Keywords: Open-Source, Optimization, Object Oriented, Python, Git, Unix

Grid Search

  • Duration: 2 weeks.
  • Group Size: 3.
  • Project Description: An open project on optimization topics. We were asked to contribute to any existing open-source project with an application in optimization algorithms. We worked on an open issue of the Gradient Free Optimizers library (Gradient-Free-Optimizers) of Python aiming to implement Grid Search optimization. Grid Search is a brute force optimization algorithm which computes the target function over a specified grid and returns the minimizing/maximizing index.
  • Final Result: As part of an existing open-source project, we adopted the Object Oriented Approach to inherit pre-existing Parent classes. The brute implementation of Grid Search is quite simple: start at the top left of the grid and make a jump on the right at each step. We observed a major inconvenience with this method. In most cases, Grid Search is run on a finite number of steps rather than on the grid's total size.

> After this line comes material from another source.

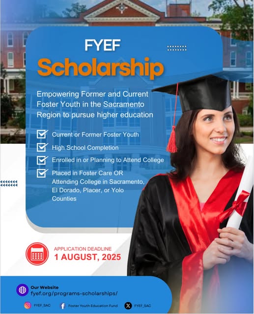 The Foster Youth Education Fund is a non-profit organization created to generate and disburse education grants to emancipating foster youth. Access to FYEF Resources: https://linktr.ee/FYEF_Sac The Foster Youth Education Fund empowers former foster youth in the Sacramento region to achieve their higher education dreams. We provide educational support for those who have successfully completed their high school education and who are entering or attending a two or four-year accredited college or university, or a technical/trade school. Because of the support we provide, 91% of our scholars complete the semester for which they received our support. Since 2002, Foster Youth Education Fund has empowered former foster youth in the Sacramento region to achieve their higher education dreams. While there are many scholarship funds in the region, FYEF is the only known fund in the Sacramento, Yolo, Placer and El Dorado counties to focus exclusively on foster youth.

Therefore, we designed a method that would explore a larger and sparser area of the grid in a low number of steps. This method is based on the cyclic nature of mZ in Z/pZ when p and m are prime. Thus, by choosing a convenient value of m, prime to the total grid size p, and searching through the grid in a mZ manner, we observe sparser areas of the grid in a low amount of iterations. The cyclic nature of our search method ensures that the grid is completely covered in p iterations, which ensures equal time complexity to the normal method.
  • Grade: 19/20.

Keywords: Business Case, Forecasting, Clustering, R, SQL

  • Duration: 1 month.
  • Group Size: 5.
  • Project Description: We are asked to respond to a pitch from a charity's fundraising manager. As the new year is coming up, the charity is planning newt year's 9 marketing campaigns, each with a given fixed cost ($25k) and additional variable cost (85c/sollicitation). We are asked to design and deploy a sollicitation strategy towards existing donors for each of the 9 campaigns. The available information is a database containing several tables, of which donation history, marketing campaign information and donor information.
  • Final Result: Our strategy is based on a donation expectation model. To do so, we to built feature sets for each donor and marketing campaign which, when concatenated together, gave a donor/campaign feature set we trained our model on. The donor feature set was computed solely on aggregated historical donor data. The campaign feature set was computed by clustering campaigns together, and aggregating historical data from campaigns within a same cluster. For each future campaign and donor, we predicted a donation amount and donation expectation which, when multiplied together, outputted a donation expectation. We also computed a predicted number of donations per donor which, given the responsiveness of the donor in the past, led to an ideal number of sollicitations. The decision of sollicitating a donor for a given campaign was then based on the result of the two previous models:
    1. a donor should only be sollicitated for a campaign if his/her donation expectation is higher than the sollicitation cost.
    2. a donor should not be sollicitated more than his/her ideal number of sollicitations. In the case he could donate in more campaigns, only select the ones with the best donation expectation.
  • Grade: 18/20 (9/10 on managerial insights, 9/10 on analytics).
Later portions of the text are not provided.